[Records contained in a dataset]
"""

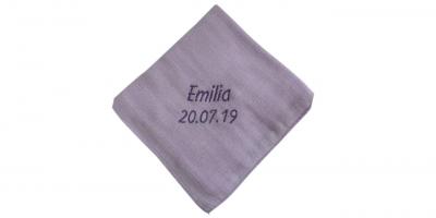 Der Name und das Datum werden dann in Schweizer Handarbeit auf das qualitativ hochstehende Nuscheli gestickt. Die Stickerin wählt die Garnfarbe soweit möglich Ton-in-Ton (hell auf dunkel / dunkel auf hell) und passt die Schrift der Länge des Namens an.
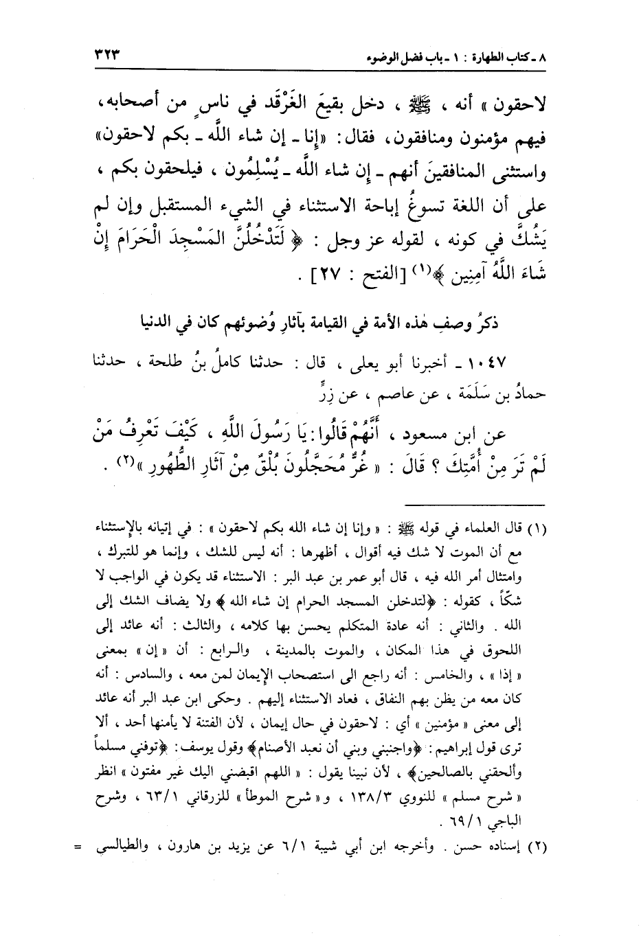 1047 - أَخْبَرَنَا أَبُو يَعْلَى، قَالَ: حَدَّثَنَا كَامِلُ بْنُ طَلْحَةَ، حَدَّثَنَا حَمَّادُ بْنُ سَلَمَةَ، عَنْ عَاصِمٍ، عَنْ زِرٍّ عَنِ بن مَسْعُودٍ، أَنَّهُمْ قَالُوا: يَا رَسُولَ اللَّهِ، كَيْفَ تَعْرِفُ مَنْ لَمْ تَرَ مِنْ أُمَّتِكَ؟ قَالَ: "غر محجلون بلق من آثار الطهور" 2.
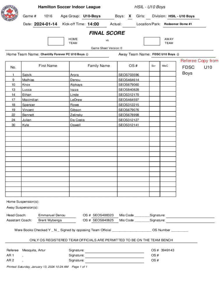 Hamilton Soccer Indoor League Game # Date:1016HSIL U10 Voyage Group: U10Boys20240114Kickoff Time:Boys:14:00Actual:Girls:Division: HAIL U10 Dislocation/Park:Redeemer Dome #1FINAL SCORE HOME TEARAWAY
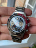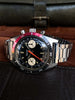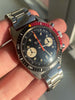 Condition: Mint original condition overall with only very minor honest wear consistent with storage and handling; solid stainless steel case is completely unpolished with razor-sharp edges and bevels; crisp caseback remains clearly legible with the original finishes and one small tool mark on the outer edge; incredible original glossy black dial retains its mirror-like finish with very attractive yellow Tritium lume and no visible wear; excellent original Tritium handset with matching yellow patina; original bright orange chronograph sweeping-seconds hand; original red/black diver bezel is vibrant with its original lume pip present and one small ding on the outer edge near 47-minute marker; clean original acrylic super-dome crystal; vintage bracelet matches the overall condition of the watch
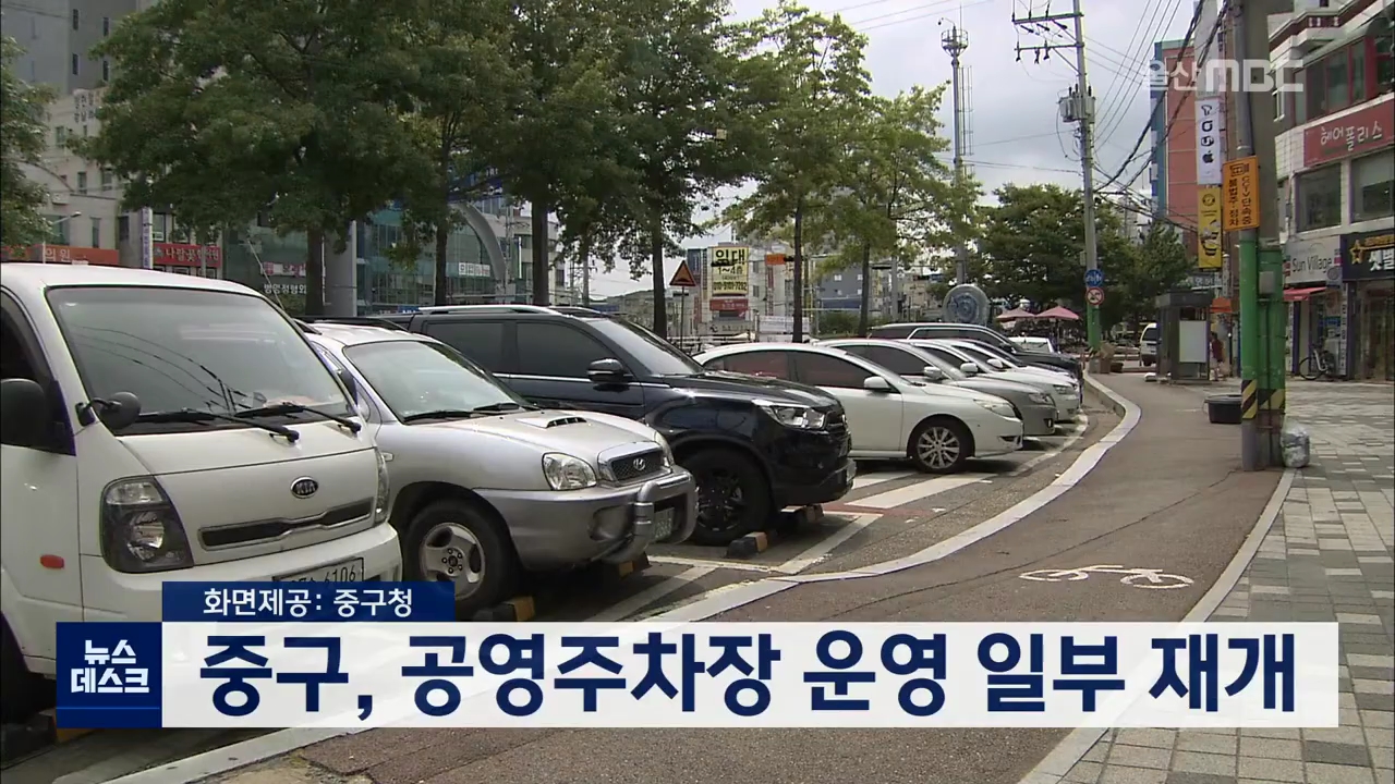 중구는 코로나19 여파로 지난 3월부터 운영을 중단했던 일부 공영주차장 운영을 다음달 3일부터 재개한다고 밝혔습니다. 중구 도시관리공단은 현재 휴업 중인 공영주차장 5곳 가운데 약사복개천 노상 공영주차장과 병영막창거리 공영주차장 운영을 우선 재개할 예정입니다. //

"""

**What is expected:** Would you transcribe all of the data exactly, omitting any pictures?

**Problem solution:**
 Der Name und das Datum werden dann in Schweizer Handarbeit auf das qualitativ hochstehende Nuscheli gestickt. Die Stickerin wählt die Garnfarbe soweit möglich Ton-in-Ton (hell auf dunkel / dunkel auf hell) und passt die Schrift der Länge des Namens an.
 1047 - أَخْبَرَنَا أَبُو يَعْلَى، قَالَ: حَدَّثَنَا كَامِلُ بْنُ طَلْحَةَ، حَدَّثَنَا حَمَّادُ بْنُ سَلَمَةَ، عَنْ عَاصِمٍ، عَنْ زِرٍّ عَنِ بن مَسْعُودٍ، أَنَّهُمْ قَالُوا: يَا رَسُولَ اللَّهِ، كَيْفَ تَعْرِفُ مَنْ لَمْ تَرَ مِنْ أُمَّتِكَ؟ قَالَ: "غر محجلون بلق من آثار الطهور" 2.
 Hamilton Soccer Indoor League Game # Date:1016HSIL U10 Voyage Group: U10Boys20240114Kickoff Time:Boys:14:00Actual:Girls:Division: HAIL U10 Dislocation/Park:Redeemer Dome #1FINAL SCORE HOME TEARAWAY
 Condition: Mint original condition overall with only very minor honest wear consistent with storage and handling; solid stainless steel case is completely unpolished with razor-sharp edges and bevels; crisp caseback remains clearly legible with the original finishes and one small tool mark on the outer edge; incredible original glossy black dial retains its mirror-like finish with very attractive yellow Tritium lume and no visible wear; excellent original Tritium handset with matching yellow patina; original bright orange chronograph sweeping-seconds hand; original red/black diver bezel is vibrant with its original lume pip present and one small ding on the outer edge near 47-minute marker; clean original acrylic super-dome crystal; vintage bracelet matches the overall condition of the watch
 중구는 코로나19 여파로 지난 3월부터 운영을 중단했던 일부 공영주차장 운영을 다음달 3일부터 재개한다고 밝혔습니다. 중구 도시관리공단은 현재 휴업 중인 공영주차장 5곳 가운데 약사복개천 노상 공영주차장과 병영막창거리 공영주차장 운영을 우선 재개할 예정입니다. //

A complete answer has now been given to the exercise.